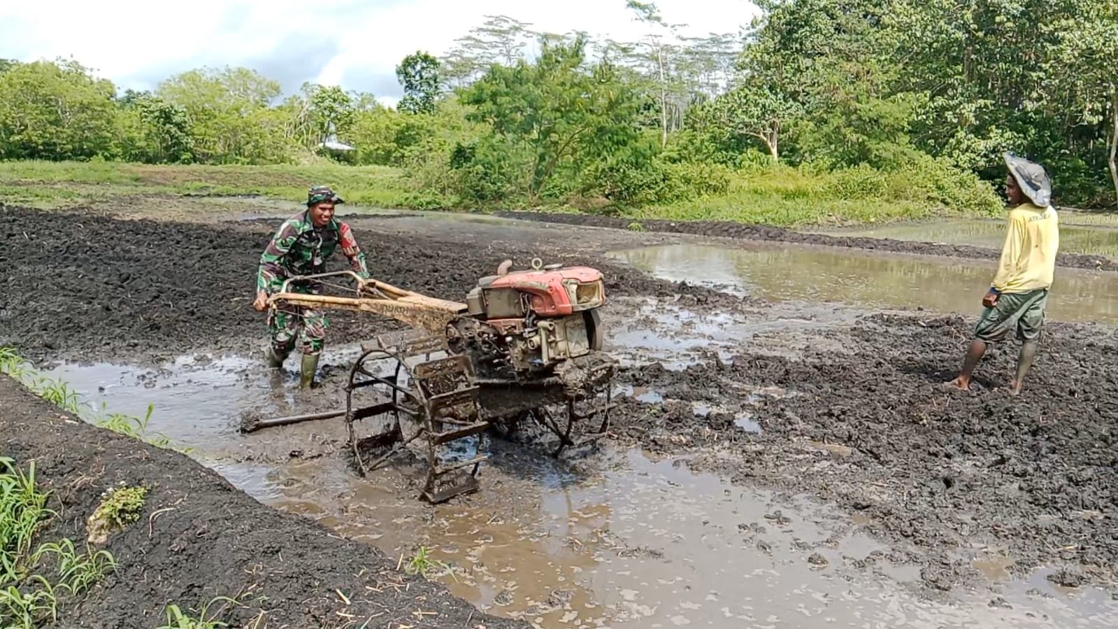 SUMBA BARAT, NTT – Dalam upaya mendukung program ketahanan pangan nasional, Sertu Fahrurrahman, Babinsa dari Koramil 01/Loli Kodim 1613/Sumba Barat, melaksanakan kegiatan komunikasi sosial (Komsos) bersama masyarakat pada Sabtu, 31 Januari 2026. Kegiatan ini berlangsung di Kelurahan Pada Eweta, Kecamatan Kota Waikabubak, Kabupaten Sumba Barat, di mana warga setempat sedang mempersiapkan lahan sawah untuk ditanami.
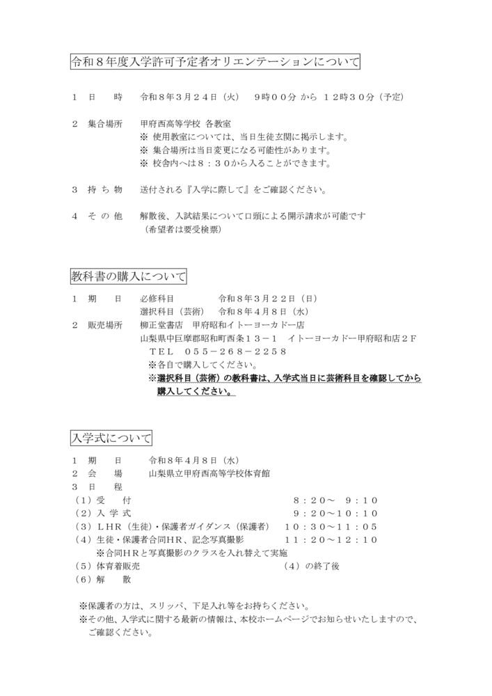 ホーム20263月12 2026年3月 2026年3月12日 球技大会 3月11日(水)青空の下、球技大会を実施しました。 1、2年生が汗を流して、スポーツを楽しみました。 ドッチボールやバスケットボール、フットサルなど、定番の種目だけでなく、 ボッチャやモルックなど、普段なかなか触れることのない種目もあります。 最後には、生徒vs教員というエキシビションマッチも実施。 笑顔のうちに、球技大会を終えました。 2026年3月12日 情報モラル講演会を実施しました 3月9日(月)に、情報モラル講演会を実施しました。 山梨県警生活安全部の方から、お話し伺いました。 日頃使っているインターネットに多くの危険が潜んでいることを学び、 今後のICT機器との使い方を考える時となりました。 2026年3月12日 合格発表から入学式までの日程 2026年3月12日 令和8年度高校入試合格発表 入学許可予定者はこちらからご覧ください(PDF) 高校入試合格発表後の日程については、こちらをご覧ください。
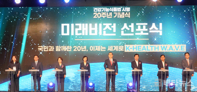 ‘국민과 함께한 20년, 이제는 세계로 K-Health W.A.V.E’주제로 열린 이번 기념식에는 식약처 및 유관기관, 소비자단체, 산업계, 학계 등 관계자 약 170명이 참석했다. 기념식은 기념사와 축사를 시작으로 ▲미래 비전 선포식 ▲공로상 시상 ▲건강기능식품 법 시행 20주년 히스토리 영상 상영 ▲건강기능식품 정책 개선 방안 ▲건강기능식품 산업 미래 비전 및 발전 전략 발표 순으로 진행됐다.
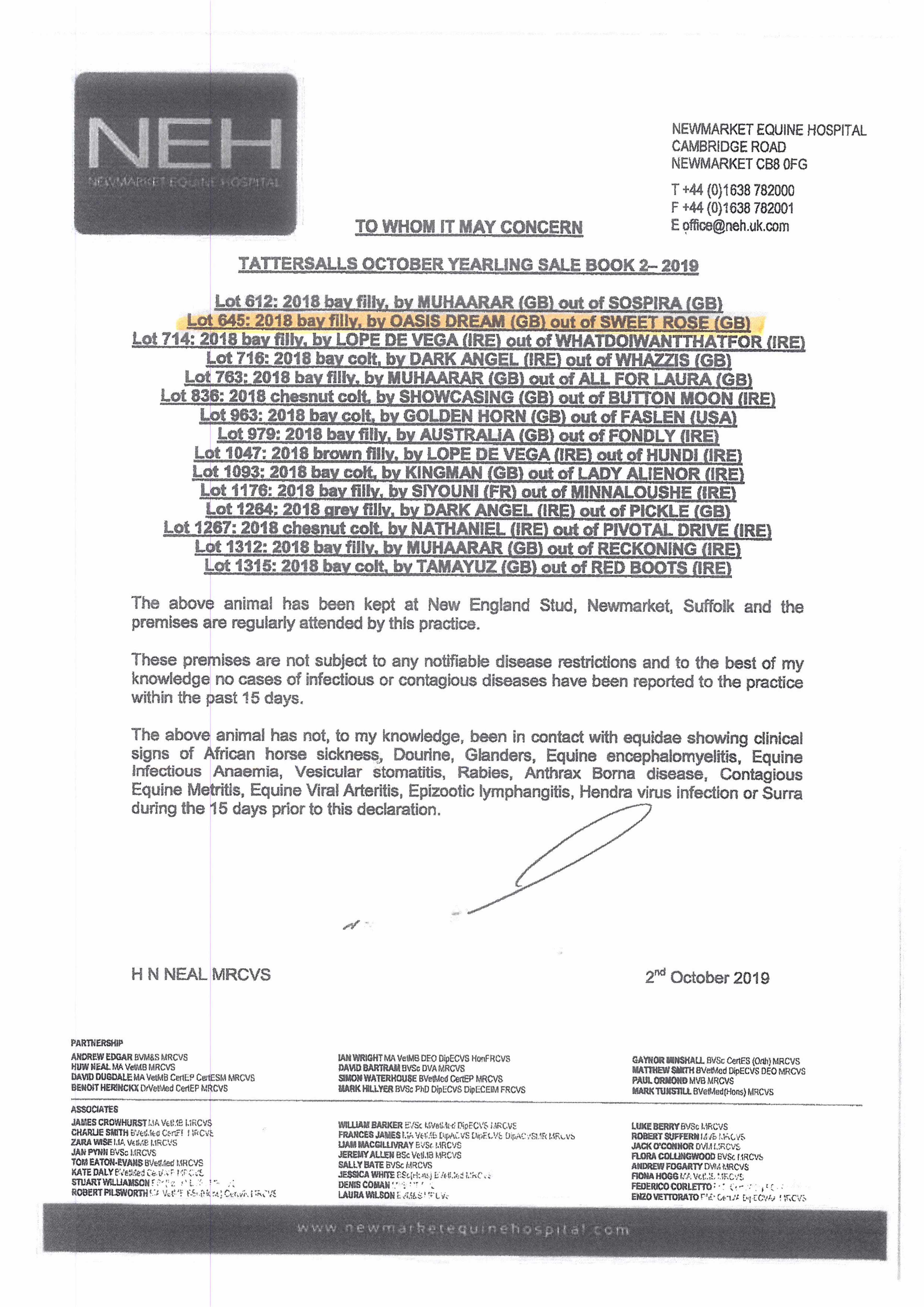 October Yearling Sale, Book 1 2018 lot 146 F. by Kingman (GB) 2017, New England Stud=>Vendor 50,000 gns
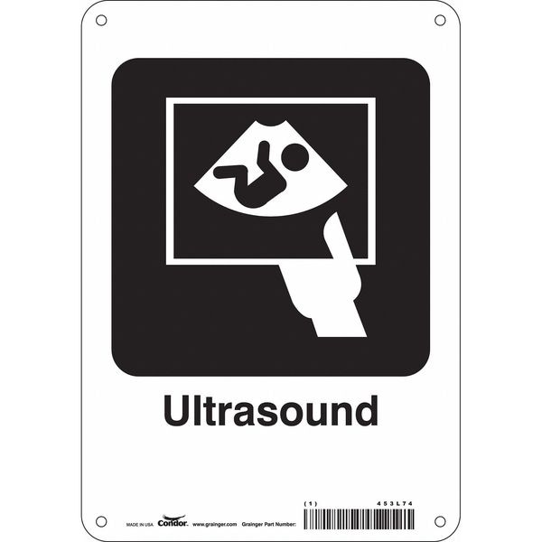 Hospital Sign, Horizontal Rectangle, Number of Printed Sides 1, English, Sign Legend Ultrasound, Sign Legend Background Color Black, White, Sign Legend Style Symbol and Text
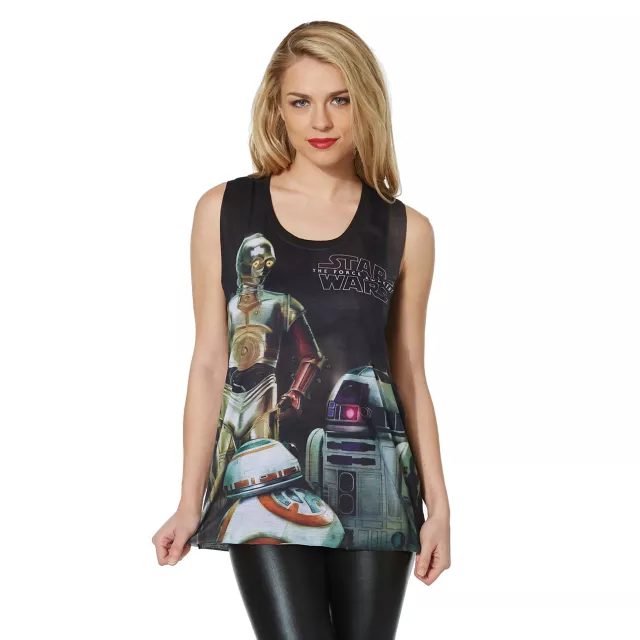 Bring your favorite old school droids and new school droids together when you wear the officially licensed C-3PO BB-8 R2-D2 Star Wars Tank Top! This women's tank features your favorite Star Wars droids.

--

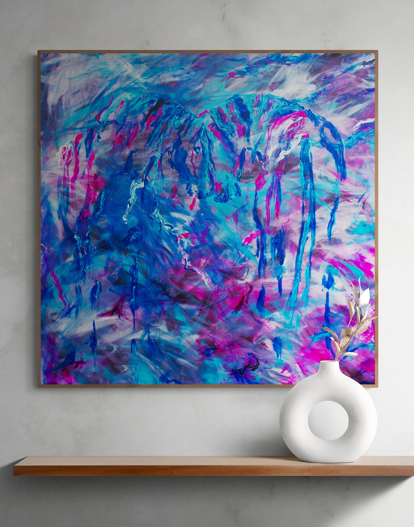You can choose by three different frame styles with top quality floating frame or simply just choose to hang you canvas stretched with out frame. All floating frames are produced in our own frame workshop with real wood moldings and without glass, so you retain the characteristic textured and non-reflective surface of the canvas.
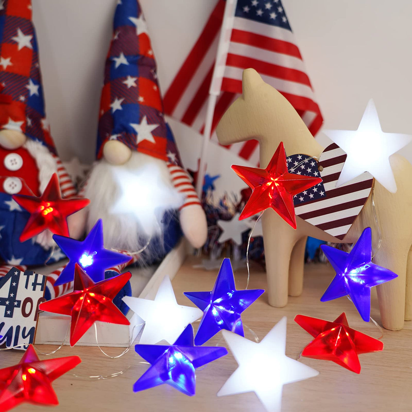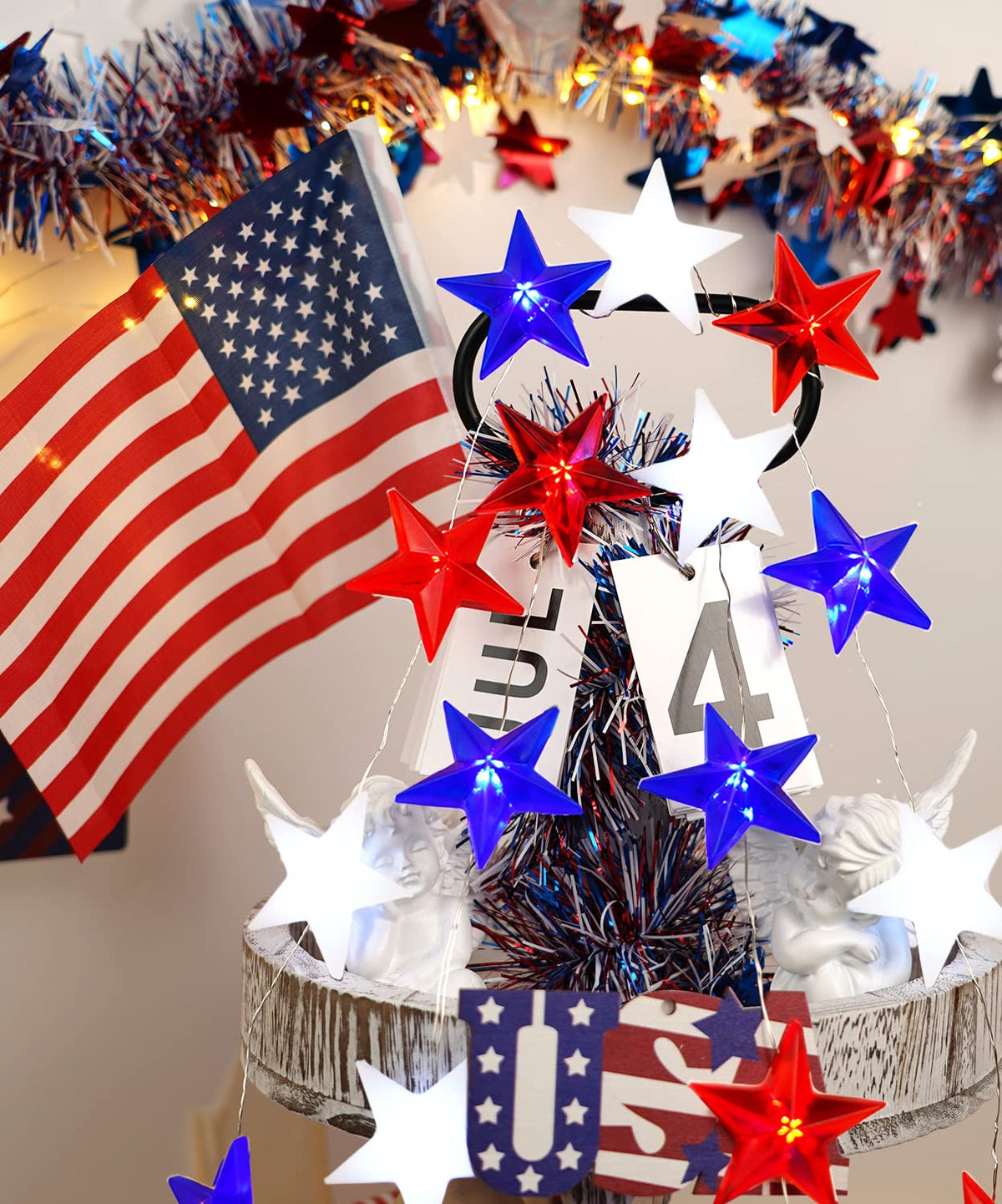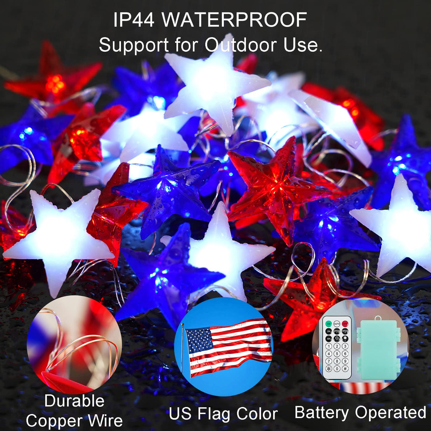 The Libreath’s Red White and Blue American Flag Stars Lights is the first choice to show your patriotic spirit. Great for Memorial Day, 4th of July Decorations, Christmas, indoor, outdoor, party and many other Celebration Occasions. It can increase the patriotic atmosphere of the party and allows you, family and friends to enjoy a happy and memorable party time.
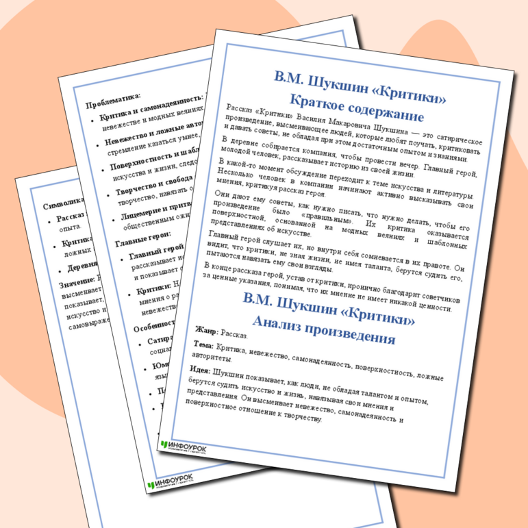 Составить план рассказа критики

--

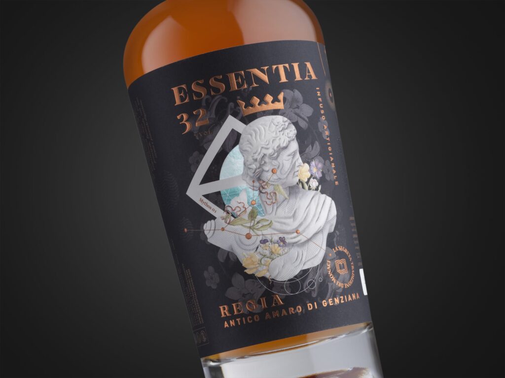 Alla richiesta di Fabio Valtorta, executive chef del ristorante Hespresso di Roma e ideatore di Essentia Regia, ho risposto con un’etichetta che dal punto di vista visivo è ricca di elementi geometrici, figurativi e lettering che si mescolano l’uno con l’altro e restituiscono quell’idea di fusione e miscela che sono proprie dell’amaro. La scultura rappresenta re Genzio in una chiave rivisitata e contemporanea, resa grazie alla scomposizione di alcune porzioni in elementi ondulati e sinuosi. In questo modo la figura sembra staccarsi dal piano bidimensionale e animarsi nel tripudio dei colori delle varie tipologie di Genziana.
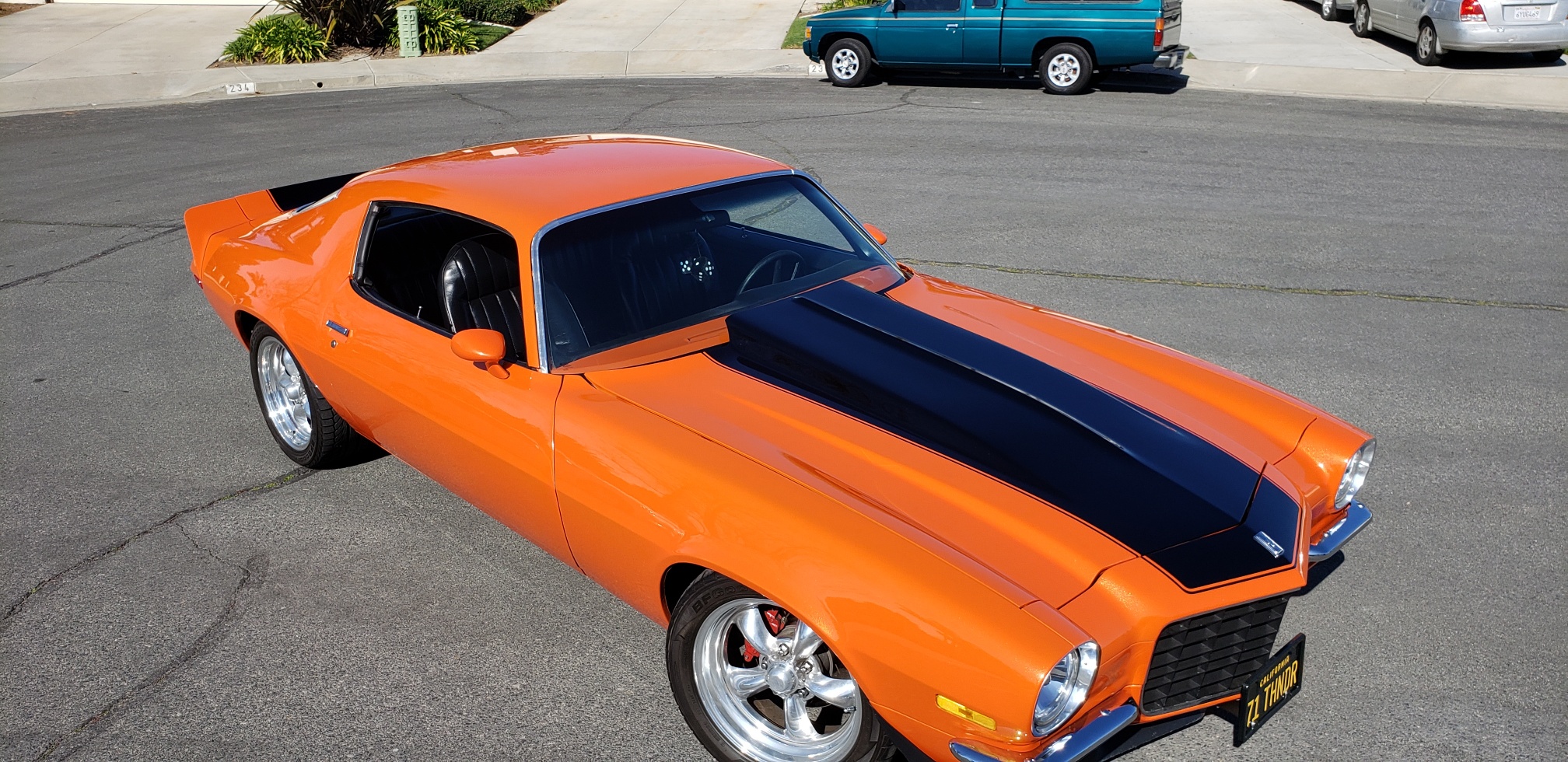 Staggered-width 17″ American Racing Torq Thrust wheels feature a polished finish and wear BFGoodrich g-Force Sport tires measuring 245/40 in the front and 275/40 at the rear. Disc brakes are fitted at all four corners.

WHAT YOU ARE ASKED TO DO: Word for word, write out the lines above running from the one with "SUMBA BARAT, NTT" up to and including the one with "Bring your favorite". Drop any picture.

RESULT FOR THIS EXERCISE:
 SUMBA BARAT, NTT – Dalam upaya mendukung program ketahanan pangan nasional, Sertu Fahrurrahman, Babinsa dari Koramil 01/Loli Kodim 1613/Sumba Barat, melaksanakan kegiatan komunikasi sosial (Komsos) bersama masyarakat pada Sabtu, 31 Januari 2026. Kegiatan ini berlangsung di Kelurahan Pada Eweta, Kecamatan Kota Waikabubak, Kabupaten Sumba Barat, di mana warga setempat sedang mempersiapkan lahan sawah untuk ditanami.
 ホーム20263月12 2026年3月 2026年3月12日 球技大会 3月11日(水)青空の下、球技大会を実施しました。 1、2年生が汗を流して、スポーツを楽しみました。 ドッチボールやバスケットボール、フットサルなど、定番の種目だけでなく、 ボッチャやモルックなど、普段なかなか触れることのない種目もあります。 最後には、生徒vs教員というエキシビションマッチも実施。 笑顔のうちに、球技大会を終えました。 2026年3月12日 情報モラル講演会を実施しました 3月9日(月)に、情報モラル講演会を実施しました。 山梨県警生活安全部の方から、お話し伺いました。 日頃使っているインターネットに多くの危険が潜んでいることを学び、 今後のICT機器との使い方を考える時となりました。 2026年3月12日 合格発表から入学式までの日程 2026年3月12日 令和8年度高校入試合格発表 入学許可予定者はこちらからご覧ください(PDF) 高校入試合格発表後の日程については、こちらをご覧ください。
 ‘국민과 함께한 20년, 이제는 세계로 K-Health W.A.V.E’주제로 열린 이번 기념식에는 식약처 및 유관기관, 소비자단체, 산업계, 학계 등 관계자 약 170명이 참석했다. 기념식은 기념사와 축사를 시작으로 ▲미래 비전 선포식 ▲공로상 시상 ▲건강기능식품 법 시행 20주년 히스토리 영상 상영 ▲건강기능식품 정책 개선 방안 ▲건강기능식품 산업 미래 비전 및 발전 전략 발표 순으로 진행됐다.
 October Yearling Sale, Book 1 2018 lot 146 F. by Kingman (GB) 2017, New England Stud=>Vendor 50,000 gns
 Hospital Sign, Horizontal Rectangle, Number of Printed Sides 1, English, Sign Legend Ultrasound, Sign Legend Background Color Black, White, Sign Legend Style Symbol and Text
 Bring your favorite old school droids and new school droids together when you wear the officially licensed C-3PO BB-8 R2-D2 Star Wars Tank Top! This women's tank features your favorite Star Wars droids.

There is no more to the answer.